DR: Aside from your fight next Saturday night are there any other match ups on this CFA 12 card that have you intrigued?
JS: Ya, I definitely want to see Efrain Escudero fight as well as Ashlee Evans-Smith. Both are going to put on really good shows. I can’t wait to see the outcome.
DR: Are you still working on your Masters for teaching? If so, how do you juggle between school and the daily rigors of training for a major fight?
JS: No, I graduated last May with my masters. I currently am teaching full time right now. It’s challenging to get everything done that has to be done. Sometimes I wish there were more hours in the day, but the more structured my schedule is the better I am at accomplishing all my tasks so in a sense it’s better for me to have a full schedule. Work all day, and then train. That’s been my routine most my life (laughs).

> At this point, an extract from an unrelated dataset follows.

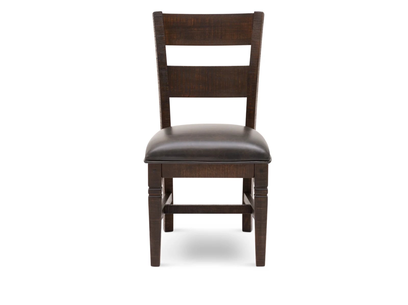 Bring farmhouse charm to your dining table with the Winter Park Dining Chair. This distinct dining chair is crafted from mahogany solids and veneers for a durable wooden profile. Its classic curved ladder back features two large slats, and is accentuated with hand-sawn distressing for that quintessential rustic look. Clean black vinyl adorns the seat, making it both stylish and easy to clean for years of loving use. Showcasing a brown tobacco leaf finish, the Winter Park is complete with tapered legs with reserved carved detailing. Add a dramatic allure that makes family meals and gatherings a lavish experience with the Winter Park Dining Chair.

DR: Your opponent, Sam Thao, is coming in hot with a four-fight win streak. Is this a guy you’ve watched a lot of tape on in preparation for this fight? If so, what does he do well that could pose a problem for you?

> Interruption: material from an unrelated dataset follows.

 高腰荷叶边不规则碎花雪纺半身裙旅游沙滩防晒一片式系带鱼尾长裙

JS: I don’t watch much tape at all, I leave that up to my coaches and teammates to dissect my opponents then implement the keys into my training. I know that if I execute my fighting style then he won’t be able to mount much of an attack. At this point I’m just going to worry about my game – just push the pace.
DR: You asked your Facebook friends to help suggest a walk out song for your fight on October 12th with Thao. What were some of the more interesting suggestions and did you ever decide on one. Or are we just gonna have to wait until fight night to find out?
JS: I really liked all the suggestions that were given, I currently haven’t decided on one yet so that’s something you’ll have to wait and see.
DR: Thanks for the time Josh. This is a huge fight for you next Saturday night and we’re all looking forward to it over here. Is there anyone you want to give a shout out to and thank before you go and where can we find you online?
JS: I want to thank all my sponsors and support staff for the continued love and prayers. Thank you Mom and Dad. Thank you Mike Rogers and Rodrigo Vaghi and all of SCMMA for the instruction and guidance . Special thanks to Alpteken Ozkilic and Matthew Ricehouse for the friendship and motivation. Thank you Francis Howell Wrestling for the continued support. And of course all glory goes to God for blessing me with all these people in my life and allowing me to chase my dream.